Well, yes, because she's writing now, and not then, and she's changed and developed too - just look at the difference between that and The Birthday Of the World. Or how her Earthsea books developed as she got older.
But what would deff change is the army of people either claiming it for trans activism, or slating her for writing transness "wrong", or for sorrowfully finding it "problematic" in various ways. Despite it not being about trans people at all.
It's one of my favourite books of all time, has been ever since I was a teenager. The very idea that you could be treated as a person first, and not shoved into a box because of your biological sex was very heaven.
Ooh, you've just prompted me to re-read it. I've always loved how she thinks - the one about anarchy is really interesting too. I do wonder whether The Left Hand of Darkness would find a publisher today.
Oh yes, I love Thr Dispossessed. The bit where Shevet beats up Shevek, and Shevek does nothing about it because Shevet had offered what he had chosen to offer (ie violence) and Shevek had had the choice whether or not to accept it.

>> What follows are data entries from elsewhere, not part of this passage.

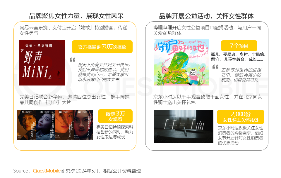 2024年3月8日,是中国首次公开纪念国际妇女节 100 周年,各品牌深入洞察女性群体,从不同方面展示女性风采、为女性公益出力,展现品牌对用户情绪满足、精神关怀的重视。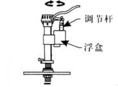 如圖調校調節(jié)桿可以使水箱水位升高或者降低。當逆時針旋轉調節(jié)桿時,浮盒下降,水箱水位降低。反之,順時針旋轉調節(jié)桿,是浮盒上升,水箱水位升高。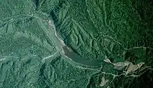 Satellite photo of the Izarigawa Dam and its surrounding areas
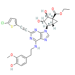 | SMILES | CCOC(=O)[C@@]12C[C@@H]1[C@@H](n1cnc3c(NCCc4ccc(O)c(OC)c4)nc(C#Cc4ccc(Cl)s4)nc31)[C@H](O)[C@@H]2O |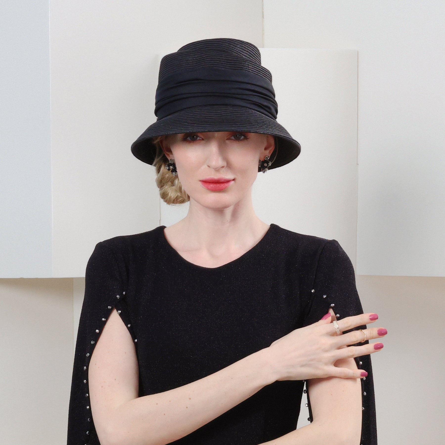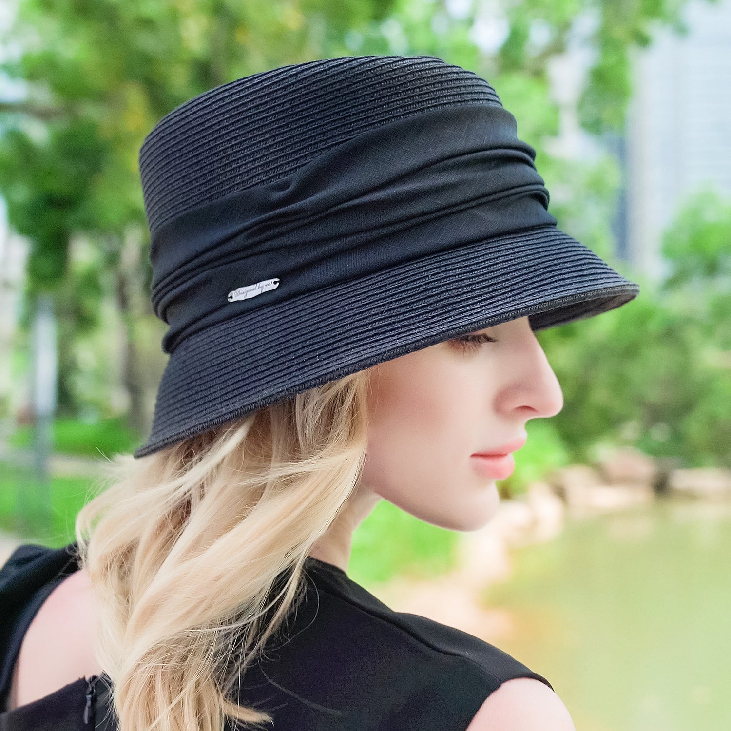 Introducing a stylish fashion bucket hat that combines elegance with sun protection. The hat features a wide, flat brim crafted from a woven straw alternative, and a structured mid – profile crown with a sleek black color. A gathered fabric band around the crown adds a touch of sophistication to this minimalist design.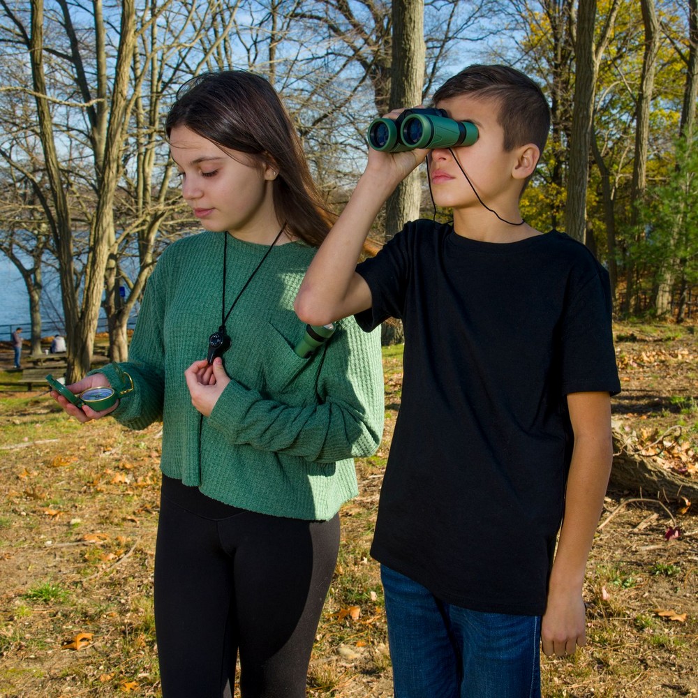 The AdventurePak from Carson Optical is everything you need for great adventures! Perfect for backpacking, biking, camping, and all forms of exploration. Includes a compact 30mm Kids Field Binocular, Flashlight, Lensatic Compass with true hand-bearing triangulation capabilities, and a combination signal whistle thermometer.

That has helped me so much in dealing with negativity from other people.
I read left hand if darkness for the first time a couple of months ago and I found it strange that in the book no gender defaulted to a male he. For me the femaleness of the character was lost and it kind of just read like a feminine bloke.
I know that she has addressed that and said that if she was wouldn’t have necessarily used the pronoun he if she had written it later on.

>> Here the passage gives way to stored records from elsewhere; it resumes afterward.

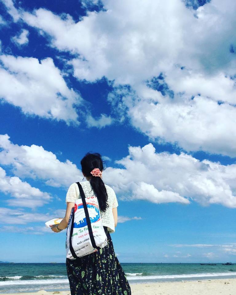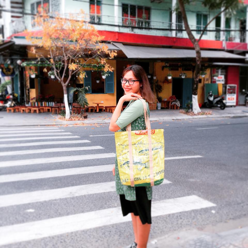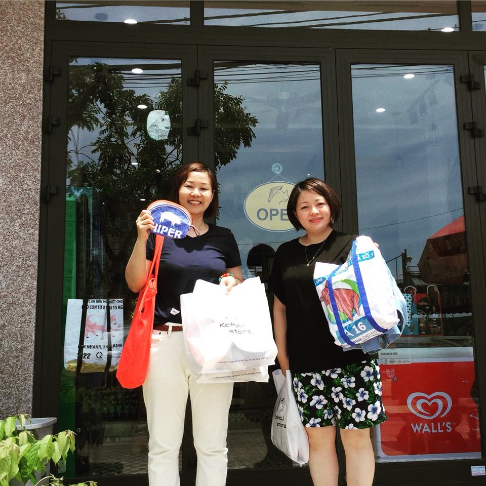 Dọc theo bãi biển Mỹ Khê ở Đà Nẵng, nơi những khách sạn và quán cà phê sang chảnh mọc lên mời gọi mọi du khách đặt chân đến, có một cửa hàng nhỏ gây tò mò cho người qua đường bởi các sản phẩm bày bán tại đây. Không chỉ là đồ lưu niệm, chúng còn là những vật dụng sử dụng hằng ngày được tạo ra từ vỏ bao thức ăn gia súc.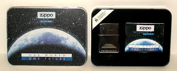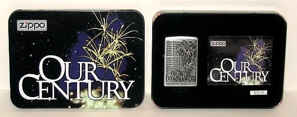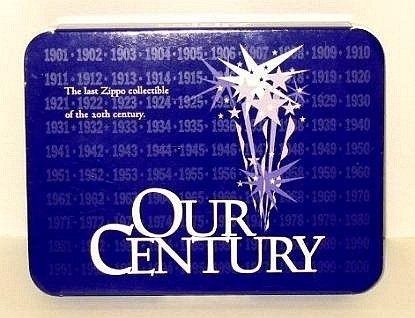 機身以慶祝千禧年的煙火為圖案,背景用 1901 ~ 2000 共 100 個數字來代表 20 世紀的 100 年份,包裝上的一行印刷文字:「The last Zippo collectible of the 20th century.」(20 世紀最後一款 Zippo 珍藏版),名符其實。 |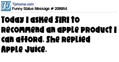 X says Today I asked SIRI to recommend an apple product I can afford. She replied Apple Juice.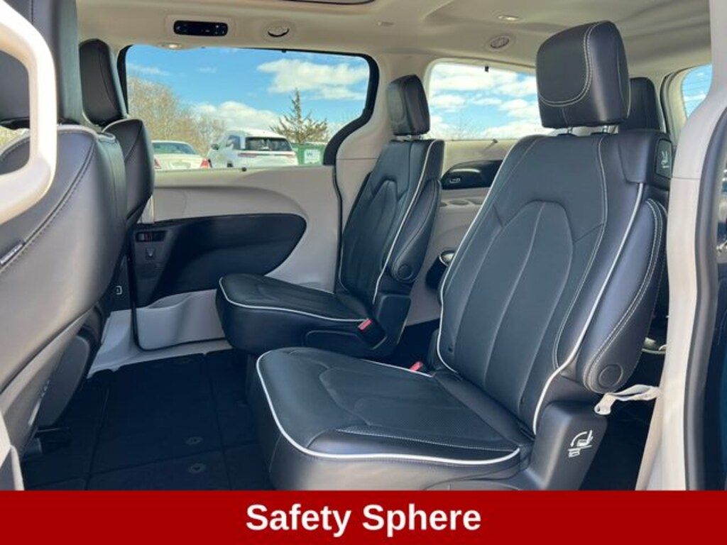 Safety is paramount in the Pacifica, with features like the Safety Sphere package, which includes advanced driver-assistance technologies such as Parallel & Perpendicular Park Assist, ParkSense Front/Rear Park Assist, and the 360 Surround View Camera System. These cutting-edge systems work together to provide you and your loved ones with the utmost protection.

Do try and find "Left Hand of Darkness Redux" where she revisits the book and addresses this question. I have it in a collection of essays, I haven't seen it online. The essays are amazing, she writes about her abortion at college at a time when it was still illegal in the USA. Supportive and rich parents...
I agree about the gender default pronoun. I thought (a) that at the time she was writing, 'he' was the default for non-gendered pronouns (as I remember being taught in the 70s), and (b) that Ai's cultural bias unconsciously equated power with masculinity, hence his constant confusion. He never struck me as the politically and socially subtle person needed for the role.
In The Dispossessed she uses personal and possessive pronouns far too often IMO. Is it an inaccuracy in her writing, or is she making the point that certain things are so ingrained in our cultures (binary sexuality, possessiveness) that we literally cannot think outside them?